Due to the lack of any controlling legal authority, there is substantial
uncertainty regarding the U.S. federal tax consequences of an investment in the securities. In connection with any information reporting
requirements we may have in respect of the securities under applicable law, we intend (in the absence of an administrative determination
or judicial ruling to the contrary) to treat the securities for U.S. federal income tax purposes as prepaid forward contracts with associated
coupon payments that will be treated as gross income to you at the time received or accrued in accordance with your regular method of
tax accounting. In the opinion of our counsel, Davis Polk & Wardwell LLP, which is based on current market conditions, this treatment
of the securities is reasonable under current law; however, our counsel has advised us that it is unable to conclude affirmatively that
this treatment is more likely than not to be upheld, and that alternative treatments are possible.

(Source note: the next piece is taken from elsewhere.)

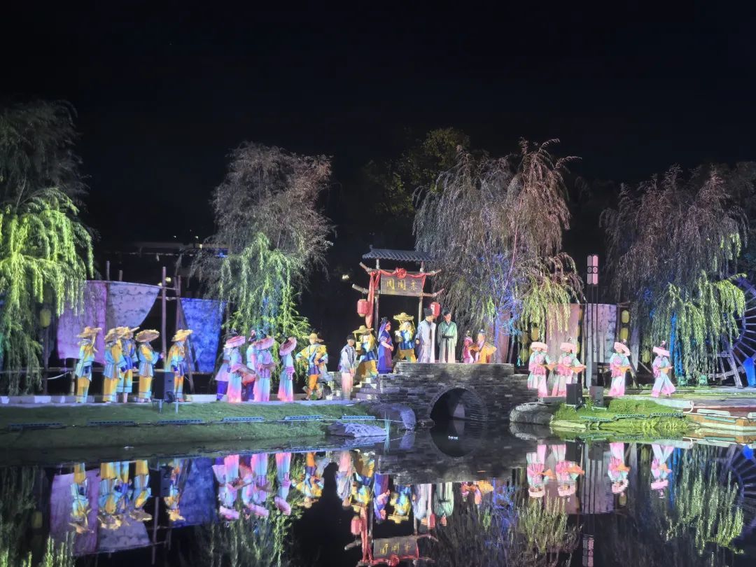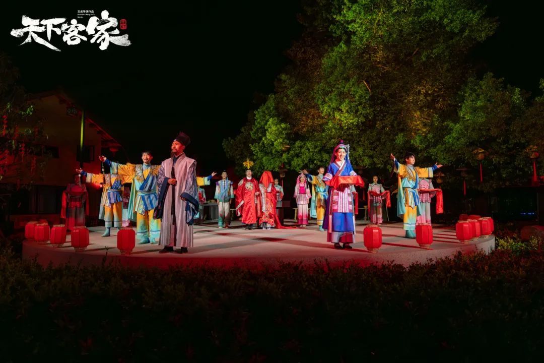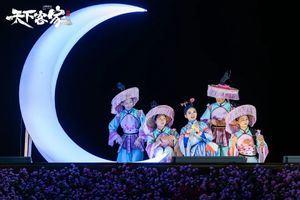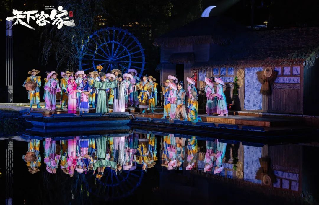 织多彩梦、约定终身月色渐渐升起,客家小伙唱起了客家情歌,妙龄 少女随着歌声在月色下的翩翩起舞,好似夜空中的精灵。他们彼此互诉爱慕之意,定格在月辉之下,情意绵长。

Assuming this treatment of the securities is respected and subject
to the discussion in “United States Federal Tax Considerations” in the accompanying product supplement, the following U.S.

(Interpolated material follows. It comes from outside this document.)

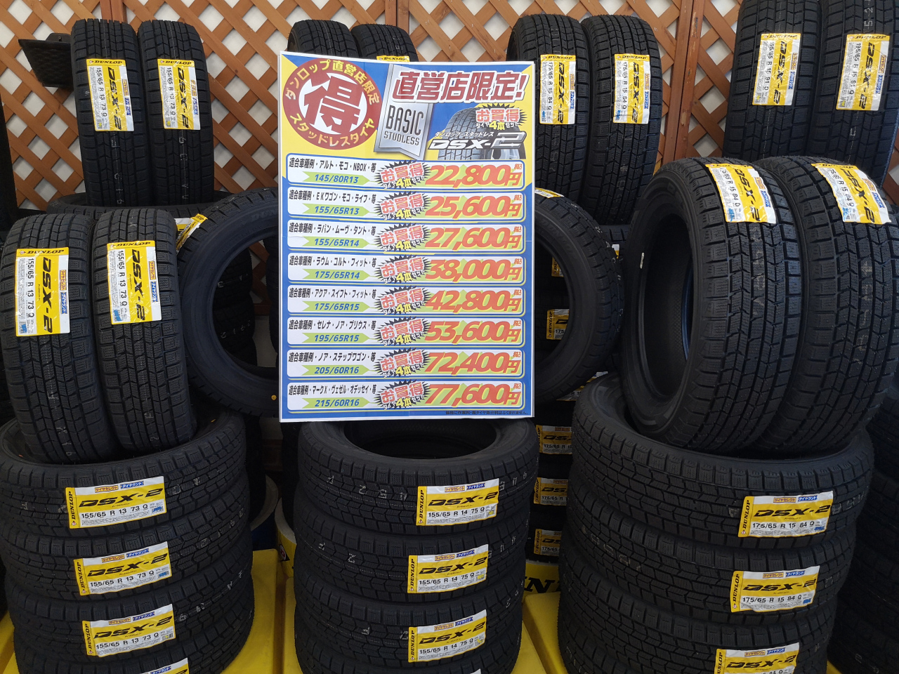 当店はダンロップ直営店ですので、通常のダンロップ製品はもちろん!直営店限定のお得なタイヤもご用意しております!

federal income tax consequences should result under current law:
|
·
|
Any coupon payments on the securities should be taxable as
ordinary income to you at the time received or accrued in accordance with your regular method of accounting for U.S. federal income tax
purposes.
|
|
·
|
Upon a sale or exchange
of a security (including retirement at maturity), you should recognize capital gain or loss
equal to the difference between the amount realized and your tax basis in the security. For
this purpose, the amount realized does not include any coupon paid on retirement and may
not include sale proceeds attributable to an accrued coupon, which may be treated as a coupon
payment. Such gain or loss should be long-term capital gain or loss if you held the security
for more than one year.
|
We do not plan to request a ruling from the IRS regarding the treatment
of the securities. An alternative characterization of the securities could materially and adversely affect the tax consequences of ownership
and disposition of the securities, including the timing and character of income recognized. In addition, the U.S. Treasury Department
and the IRS have requested comments on various issues regarding the U.S. federal income tax treatment of “prepaid forward contracts”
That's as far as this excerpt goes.